Carawatha Park

Project Name: CARAWATHA PARK

Recipient: Nature Play Solutions & City of Melville

Client: City of Melville

Project team: 

  • City of Melville (community engagement, overarching designers from concept through to detail design for construction)
  • Nature Play Solutions (Nature playspace detail design)
  • Playce (Teen space details design)
  • Hydroquip (Irrigation detail design)
  • Exteria and Jahn Rees (Customised Furniture)
  • Playcheck (Playspace safety audit)

Project address: 10 Archibald Street, Willagee WA 6156

Carawatha Park is an intergenerational park in Willagee, City of Melville, Western Australia. The design provides spaces for different demographics side by side.
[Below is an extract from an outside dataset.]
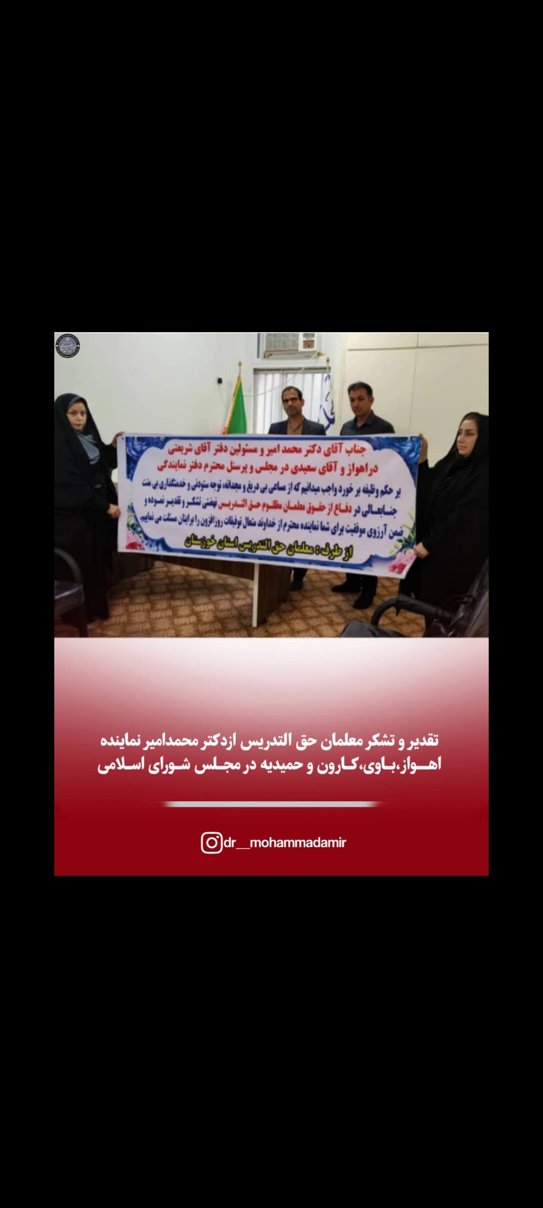 جمعی از معلمان حقالتدریس و فعالان عرصه آموزش و پرورش استان خوزستان با انتشار پیامی، از تلاشها و پیگیریهای مستمر دکتر محمد امیر، نماینده مردم

It’s a park with something for everyone.

The spaces are both linked and separated by a network of accessible paths which create spaces like different rooms in a house; distinct and yet connected to create a whole. There is the jarrah-banksia bushland; the oval including exercise equipment under macadamia trees and a set of bright orange practice footy goals; the teen area including ping-pong, hoop, swing, skate and shelter with custom ‘lounge setting’; and the nature play space, also with a large shelter with custom adult and child sized picnic tables.

The City was not only committed to designing a great park for the local community but also to engaging them in the process. ‘Space Shaper’ was chosen as it brought staff and community together within the park space to undertake specific activities. The process was very successful and the report generated was used to inform the design brief.

From the workshops, it became obvious that local kids desperately wanted a space where all their wheels were allowed and somewhere to hang out with some shelter from the weather. The thing they all loved about the existing site was the bush and the trees. There were recurring suggestions for waterplay, cubbies and tree houses even from a teen audience.

These ideas were carefully worked into an inclusive nature play area. A bush cubby leads to stepping stones through a bush garden (including lily-pily snack stops) to log steps leading up a hill to a polished concrete slide which can accommodate any size and number of bottoms. All the park elements are built for multi-use and there are no signs denoting permitted or non-permitted users.

The inclusion of the requested waterplay was hotly debated in a rapidly drying climate. Was this a “waste of water”? The designers argued the case that in no way was water “wasted” on child’s play. That in fact it was a vital part of childhood sensory development. Convinced, an agreement was reached that a drink fountain would provide water for play; running off into a steel channel and a concrete ‘creek’ into the sandpit.

Nature Play Solutions ran a cubby-building event as part of the Park’s opening celebrations, which drew massive participation by all ages. A year later, informal cubbies are still being built. City staff support this by leaving materials available and structures intact.

The success of the park has in large part been due to the engagement process involving the entire community and the City’s staff. The design left no-one out. Recent local community surveys carried out by the City have received comments such as “Previously there was a divide between different cultures but now with the new park everyone mixes. Noongar and others all mix at the park,” October 2015. It is regularly being used for City organised activities, celebrations, home schooling groups, mother’s groups, hanging out, exercising and relaxing.